_The data:_
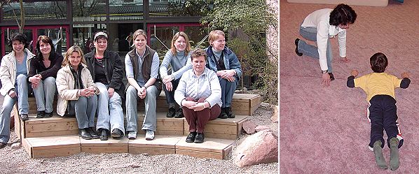 Individuelle Einzelübungsprogramme im Kiga Regenbogen (Fotos: privat)(bro) (kr) Ein Schwerpunkt der pädagogischen Arbeit im evangelischen Kindergarten Regenbogen ist Körper-, Sinneswahrnehmung und Bewegung. Das Team des evangelischen Kindergartens Regenbogen besuchte 2004 zu diesem Thema im Rahmen des Projekts "Stärkung der Erziehungskraft Familie-Kindergarten" Fortbildungen in der Praxis für Physiotherapie Janine Luck. In den Kursen wurden die Erzieherinnen im Umgang mit Restreaktionen frühkindlicher Reflexe und ihre Auswirkungen auf das Lern-und Sozialverhalten der Kinder geschult. Die Kurse beinhalteten theoretische Hintergründe zu den Restreaktionen frühkindlicher Reflexe sowie das Erkennen der individuellen Auswirkungen, als auch motorische Übungen zur Integration. Diese Erkenntnisse wurden in den Kindergartenalltag eingebaut. In Zusammenarbeit mit der Praxis für Physiotherapie Janine Luck finden für alle interessierten Eltern Einzelberatungen statt, in denen die Eltern angeleitet werden, mit ihren Kindern motorische Übungen durchzuführen. Der Kindergarten leistet mit diesem speziellen Angebot Hilfe zur Selbsthilfe.
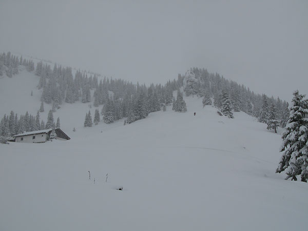 Die Abfahrt Richtung Krottentaler Alm hat im oberen Bereich noch nicht gut ausgeschaut, hier teilweise etwas abgeblasen und noch zu wenig Schnee. Der Gipfelhang der Aiplspitze sah dagegen schon gut aus.
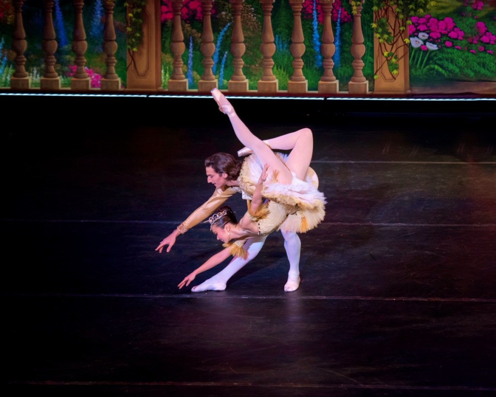 Differing from most traditional The Nutcracker productions where Caroline and her Prince arrive in a “Land of Sweets” to have representatives of various confections/lands dance for them, Guadalupe used the balloon to have the couple instead visit “Magic Lands” themselves to be entertained there. Their tour began in Spain with dancers Nashializ Gomez and Emmanuel Martirosyan in Spanish-inspired costume performing choreography a la Petipa and Ivanov’s original infused with Spanish folk dance movement. The pair, rather than dancing to the “Chocolate” music from Tchaikovsky’s Nutcracker score, instead performed to the “Spanish Dance: Allegro non-troppo” from Tchaikovsky’s score for the ballet Swan Lake. Their impactful performance was lively and delivered with Spanish flair.
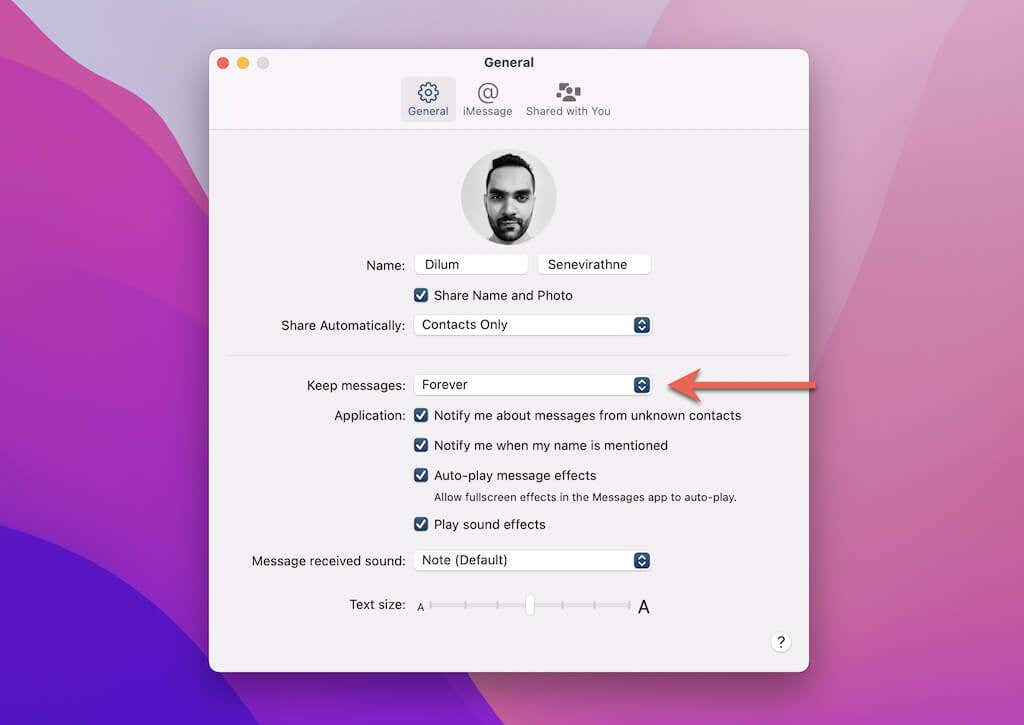 De manera predeterminada, la aplicación Mensajes(Messages) en tu Mac guarda los textos y archivos adjuntos de iMessage indefinidamente. Sin embargo, es posible indicarle a la aplicación Mensajes(Messages) que elimine sus mensajes después de un período definido. Eso evita la acumulación de desorden y ayuda a conservar espacio en disco.
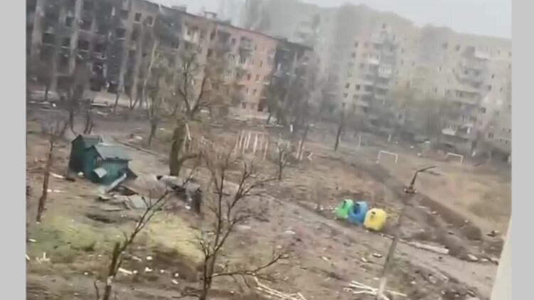 На видео можно заметить, что практически все многоэтажки повреждены обстрелами.

_Work to be completed:_
For this exercise, restate the material exactly and skip every picture.

_Output of the task:_
 Individuelle Einzelübungsprogramme im Kiga Regenbogen (Fotos: privat)(bro) (kr) Ein Schwerpunkt der pädagogischen Arbeit im evangelischen Kindergarten Regenbogen ist Körper-, Sinneswahrnehmung und Bewegung. Das Team des evangelischen Kindergartens Regenbogen besuchte 2004 zu diesem Thema im Rahmen des Projekts "Stärkung der Erziehungskraft Familie-Kindergarten" Fortbildungen in der Praxis für Physiotherapie Janine Luck. In den Kursen wurden die Erzieherinnen im Umgang mit Restreaktionen frühkindlicher Reflexe und ihre Auswirkungen auf das Lern-und Sozialverhalten der Kinder geschult. Die Kurse beinhalteten theoretische Hintergründe zu den Restreaktionen frühkindlicher Reflexe sowie das Erkennen der individuellen Auswirkungen, als auch motorische Übungen zur Integration. Diese Erkenntnisse wurden in den Kindergartenalltag eingebaut. In Zusammenarbeit mit der Praxis für Physiotherapie Janine Luck finden für alle interessierten Eltern Einzelberatungen statt, in denen die Eltern angeleitet werden, mit ihren Kindern motorische Übungen durchzuführen. Der Kindergarten leistet mit diesem speziellen Angebot Hilfe zur Selbsthilfe.
 Die Abfahrt Richtung Krottentaler Alm hat im oberen Bereich noch nicht gut ausgeschaut, hier teilweise etwas abgeblasen und noch zu wenig Schnee. Der Gipfelhang der Aiplspitze sah dagegen schon gut aus.
 Differing from most traditional The Nutcracker productions where Caroline and her Prince arrive in a “Land of Sweets” to have representatives of various confections/lands dance for them, Guadalupe used the balloon to have the couple instead visit “Magic Lands” themselves to be entertained there. Their tour began in Spain with dancers Nashializ Gomez and Emmanuel Martirosyan in Spanish-inspired costume performing choreography a la Petipa and Ivanov’s original infused with Spanish folk dance movement. The pair, rather than dancing to the “Chocolate” music from Tchaikovsky’s Nutcracker score, instead performed to the “Spanish Dance: Allegro non-troppo” from Tchaikovsky’s score for the ballet Swan Lake. Their impactful performance was lively and delivered with Spanish flair.
 De manera predeterminada, la aplicación Mensajes(Messages) en tu Mac guarda los textos y archivos adjuntos de iMessage indefinidamente. Sin embargo, es posible indicarle a la aplicación Mensajes(Messages) que elimine sus mensajes después de un período definido. Eso evita la acumulación de desorden y ayuda a conservar espacio en disco.
 На видео можно заметить, что практически все многоэтажки повреждены обстрелами.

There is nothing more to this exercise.